FIELD: technological processes. ^ SUBSTANCE: application: for electrohydraulic treatment of various materials. The method consists in execution of a preliminary electric discharge inside a liquid volume contained in an open water reservoir or a closed reservoir, at least between one of working electrodes and an auxiliary electrode and subsequent main pulse electric discharge between two working electrodes. At the same time the preliminary discharge is executed as an electric corona of AC or DC voltage. Besides, the polarity of voltage of corona's preliminary discharge (voltage at the auxiliary electrode) is set as opposite to the voltage of the main electric discharge. ^ EFFECT: facilitation of conditions for electric breakthrough of liquids and increased efficiency of electric energy conversion into impact wave energy. ^ 6 cl, 1 dwg

Description

The invention relates to mining and construction, as well as ecology and can be used for electro-hydraulic processing of various materials, in particular crushing and grinding of rocks, disinfection of domestic and industrial wastewater.

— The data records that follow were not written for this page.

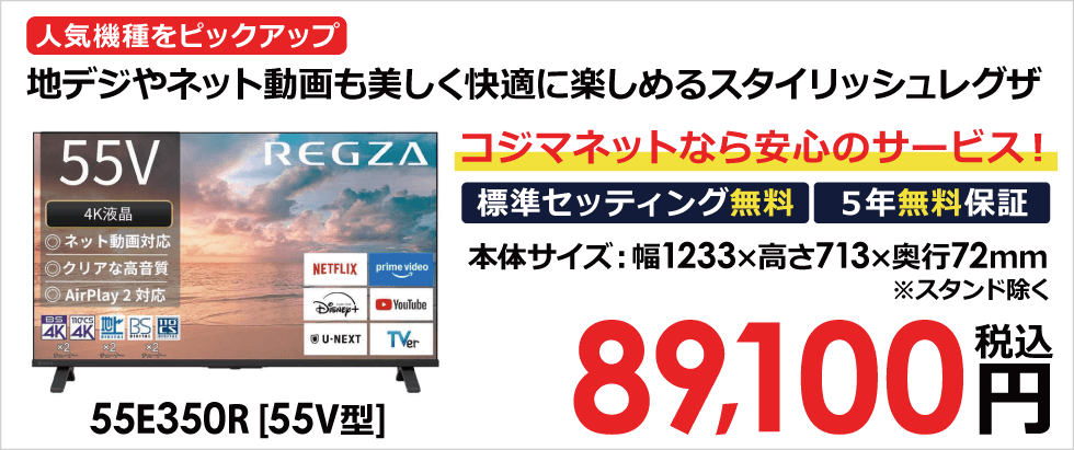 TVS REGZA 液晶テレビ REGZA(レグザ) [55V型 / Bluetooth対応 / BS・CS 4Kチューナー内蔵 / YouTube対応] 55E350R
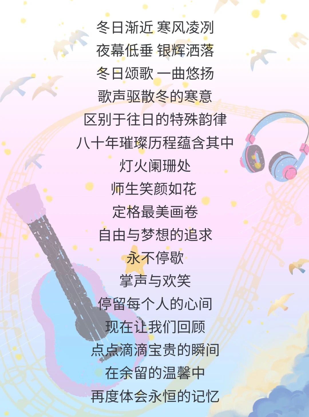 展望未来,让我们以“八秩数韵”为契机,不断增强历史主动精神和战略思维,书写好以教育强国建设支撑引领中国式现代化的新篇章。以“启新程”为动力,不断追求严谨、求实、自由、和谐,以更加坚定的信念,迈向未来的广阔天地!
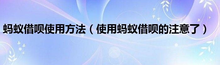导读 大家好,小行来为大家解答以上问题。蚂蚁借呗使用方法,使用蚂蚁借呗的注意了很多人还不知道,现在让我们一起来看看吧!
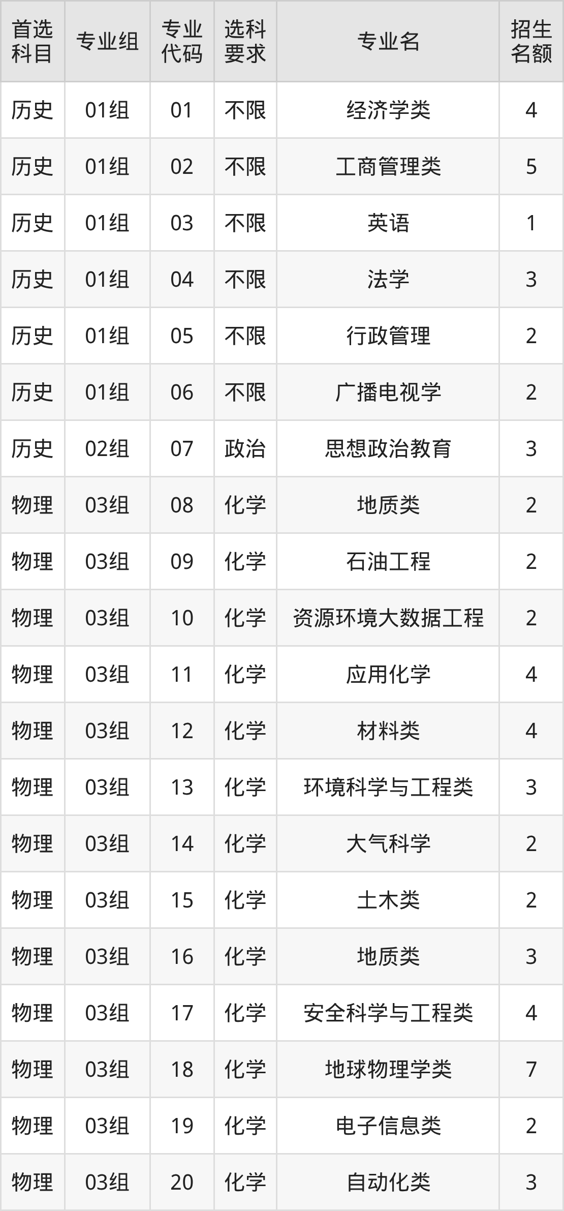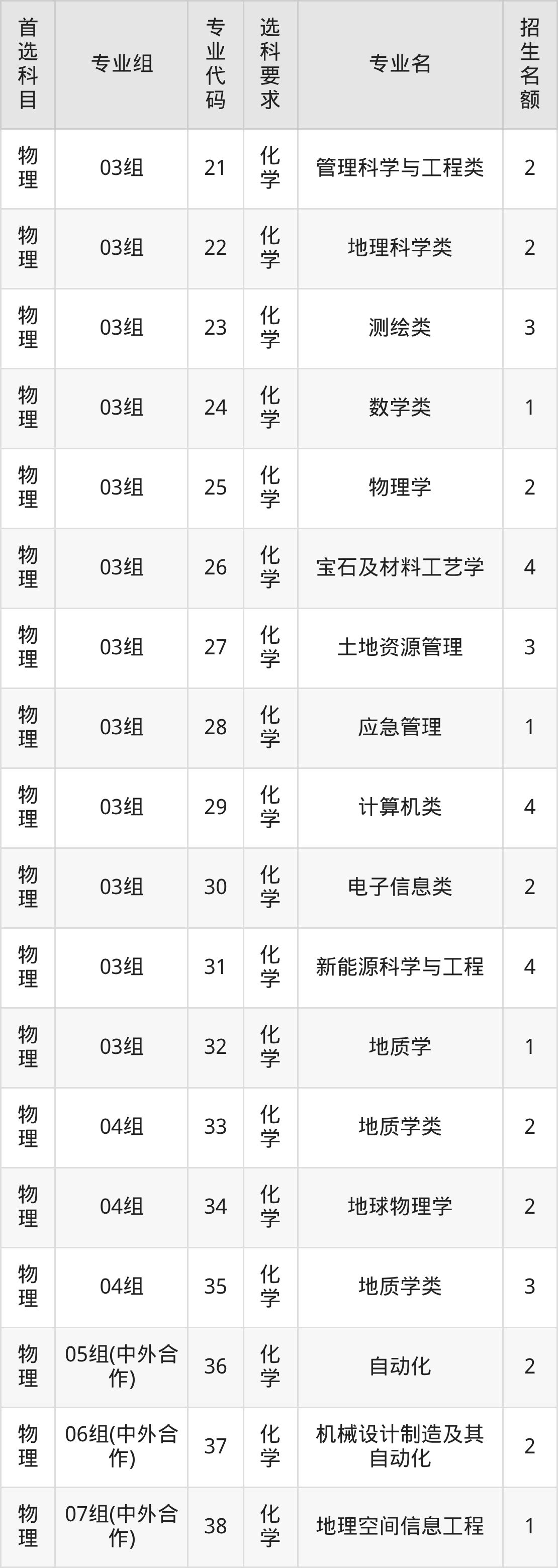 二、中国地质大学(武汉)在江苏招生计划及专业

Known (see auth. St. USSR No. 105011, authors L.A. Yutkin, L.I. Goltsova, publ. 15.04.50, No. 416898, published in 1957, BI No. 1) a method for producing high and ultrahigh pressure in the liquid by carrying out inside the volume of any conductive or non-conductive liquid located in an open or closed vessel, a specially formed pulsed electric (spark, wrist or other forms) discharge. The efficiency of this method increases with a decrease in the active (i.e., in contact with the liquid) area of the positive electrode and a simultaneous increase in the active area of the negative electrode, as well as subject to a maximum reduction in the voltage pulse front and shortening of the current pulse duration, and providing a current pulse shape close to aperiodic.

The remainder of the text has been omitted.